I probably should have posted this on the singles of TAM....


----------



## philglossop (Apr 22, 2013)

JWTBL said:


> I probably should have posted this on the singles of TAM....[/QUOTE
> 
> What do I miss or what did I miss?
> At the beginning, everything.
> ...


----------



## devotion (Oct 8, 2012)

I got married at a young age, was married for a long time. I did actually miss just waking up next to someone. Now its eve better to wake up next someone you're excited to see, maybe talk, maybe fool around, but just like being near. 

That's #1 for me. My current girlfriend was never in too serious a relationship so she doesn't get this one as much as me...


----------



## ne9907 (Jul 17, 2013)

I miss being in love.
I miss someone calling me "pretty girl"


----------



## daddymikey1975 (Apr 18, 2009)

I miss spooning and snuggling. And when my 4 yr old daughter woke up puking one night because she was sick, I miss someone cleaning it up. Lol. 

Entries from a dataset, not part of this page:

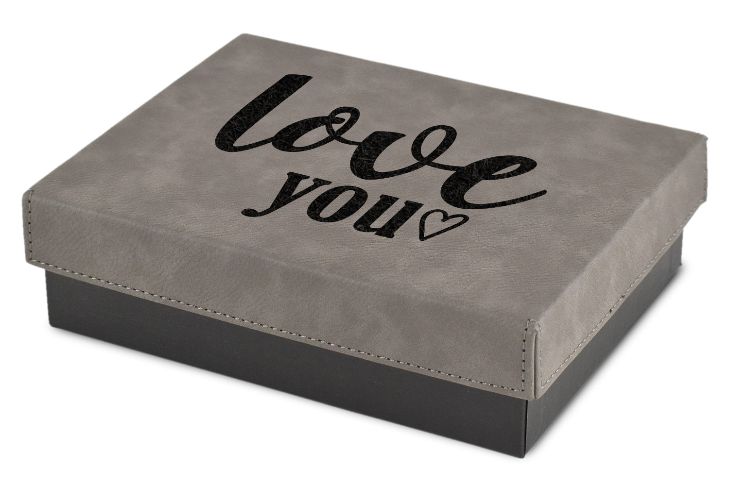 These gift boxes are available in 3 different sizes to accommodate various sized gifts. Available in gray as a neutral color for any occasion as well as to showcase your design boldly. Engraved with a laser this high quality paper board and faux leather gift box is unique and makes any gift stand out.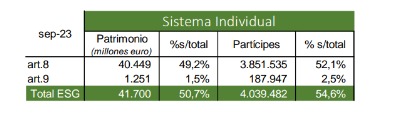 En concreto, "los Planes de Pensiones que promueven características medioambientales y sociales (art.8) acumulaban 40.449 millones de euros (49,2% del total de Planes del Sistema Individual), y 1.251 millones de euros (1,5% del total) los Fondos con objetivo de inversión sostenible (art.9)".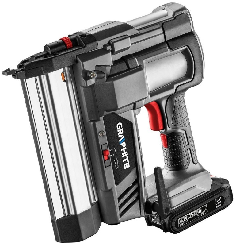 Аккумуляторный гвоздодер и степлер 18V, Li-Ion, макс. количество операций 100/мин, среднее количество операций 60/мин, макс. длина скоб/гвоздей 40/50мм, тип скрепок/гвоздей 18Ga, макс. вместимость магазина 100 шт, вес 2,7 кг, совместимость с батареями Energy +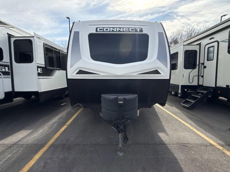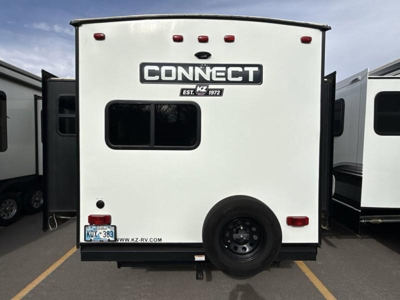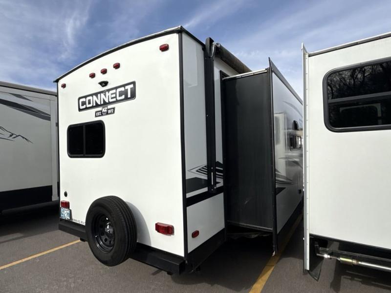 The KZ Connect travel trailer is a trailer with extreme style and creative floorplans! Wrapped up in a lightweight package, the Connect has gorgeous interior décor and a high-end fiberglass exterior. You will find a fiberglass front cap with front windshield, a power front jack, exterior speakers, a spare tire, Equa-Flex suspension, nitrogen-filled tires, a leash latch, and a heated, insulated, and enclosed underbelly, and that's just the beginning. There is still plenty more to check out, like the well-appointed interior that has a kitchen skylight, an HDMI/USB charging port, LED motion-sensor lights, an electric fireplace, and upgraded linoleum flooring.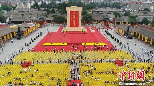 惟公元二零一八年六月二十二日,岁在戊戌(wù xū),时值夏至。中华儿女,汇聚羲皇故里天水,谨以太牢之礼,鲜花雅乐之仪,虔敬之心,致祭于中华人文始祖太昊伏羲氏。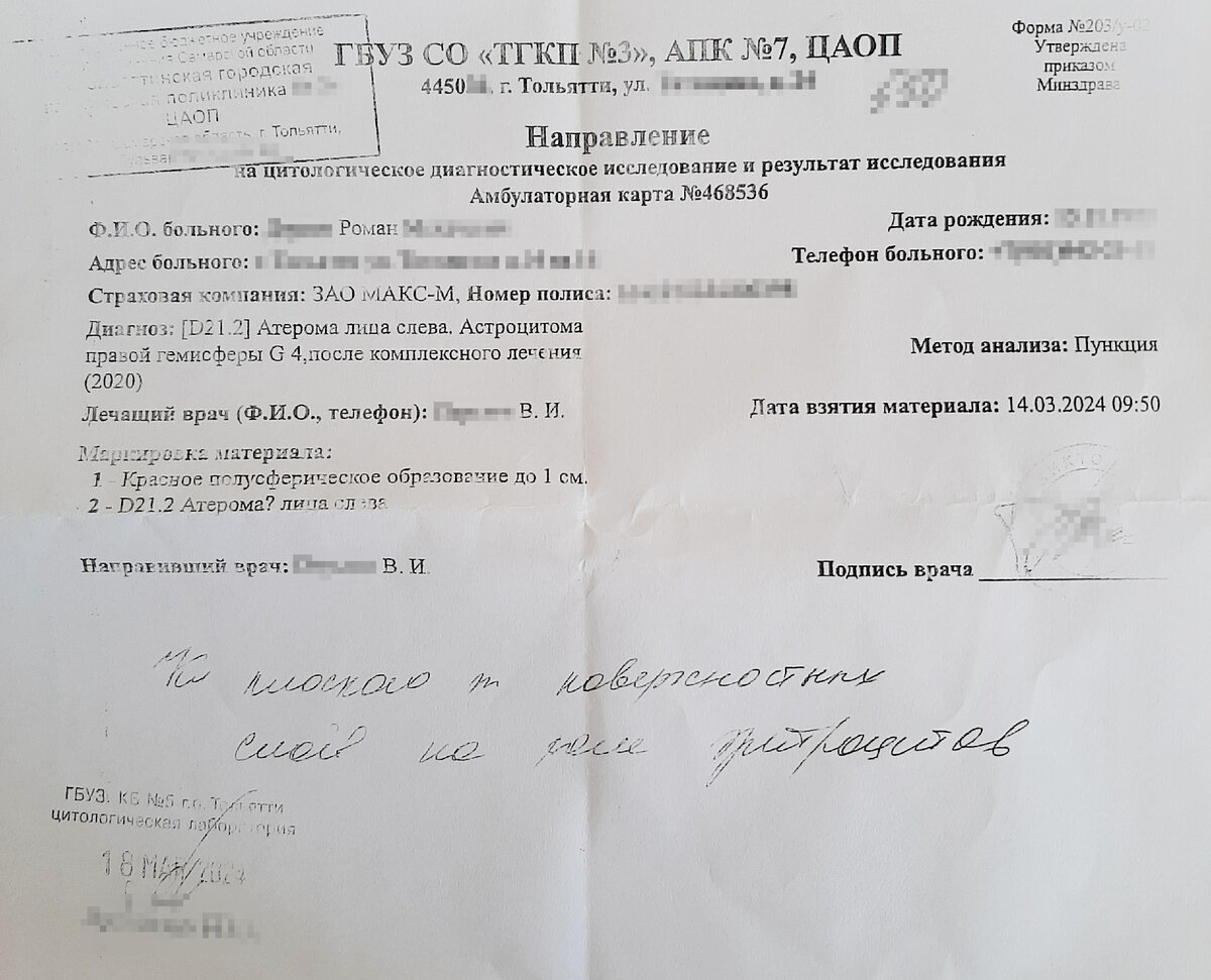 Результат цитологического исследования 👇 - Мало что из написанного мы поняли, но врач, сдвинув брови, сказал следующее: "Онкология у вас, Роман, не обнаружена". Стало быть биоматериал, взятый при помощи пункции, был не чем иным, как скоплением клеток атеромы. Это хорошо. Теперь ждём результат гистологии. - Отёк не сошёл, нижнее веко и пространство вокруг "места изъятия атеромы" еще припухшее. Рома чувствует себя удовлетворительно, слабости и головокружения нет. Готовимся к недолгой разлуке, строим краткосрочные планы. На пасху, помимо авторских куличей и яиц, Рома заказал мне пельмени из свино-говяжьего фарша! 👍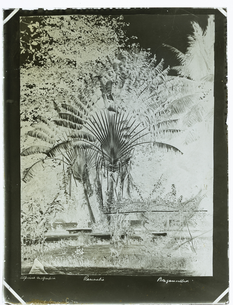On Catalogue Card for duplicate print P.9741.ACH1: Traveller’s palm, Bougainevillea [sic Bouganville]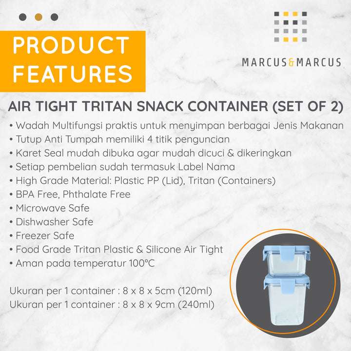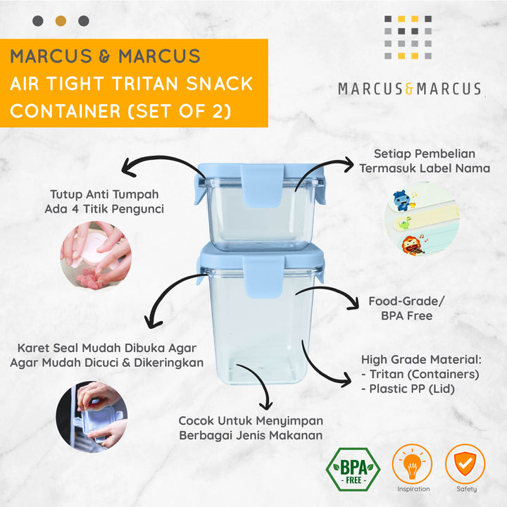 Marcus & Marcus Air Tight Tritan Snack Container (Set of 2) - Wadah Penyimpanan MPASI Snack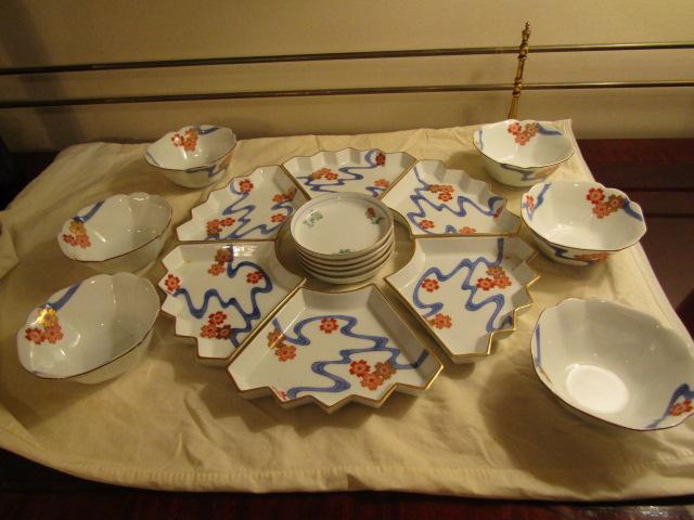 Japanese Dish Set- Small Plates and Bowls. Comes Packed in small, wooden crates (shown in pictures).

Otherwise I'm very content on my own.


----------



## FeministInPink (Sep 13, 2012)

Nothing. There is nothing about my XH that I miss, except for maybe his salary. Living on a single income is a lot harder now, since I kept the same apartment, etc... But I'm willing to stretch my dollars and make it work, simply for the sake of having gotten rid of him.


----------



## Hoosier (May 17, 2011)

Not exactly miss, but something I looked forward to: I have a 3 year old grandaughter who is the bomb. She lives 1200 miles away but I see her every three months for a week, and we Skype daily (she calls ME on her IPad, I'm in Florida visiting as I type this). I so miss having someone to lay in bed at night and talk about how cute, smart, goofy she is. (My xw hasn't seen her but once in two years, not allowed internet as the POSOM she is married to won't allow her to have it OR a cell phone). I remember my folks talking on and on about their grandkids (I'm the baby, they are passed) I so get the excitement/pride they felt, sad no one who feels exactly the same way to share it with.


----------



## 06Daddio08 (Jul 26, 2012)

I miss the 100 lbs of body fat I've lost since getting separated .... .... .... not.


----------



## dajam (Jul 14, 2014)

I miss the companionship. Just having someone to kick around with and watch TV, run to the store, have a snack, all the simple things that people take fro granted in relationships.. Those I miss. 

Funny, when I write about this stuff I realize I am better of being single although I do miss having someone in my life. 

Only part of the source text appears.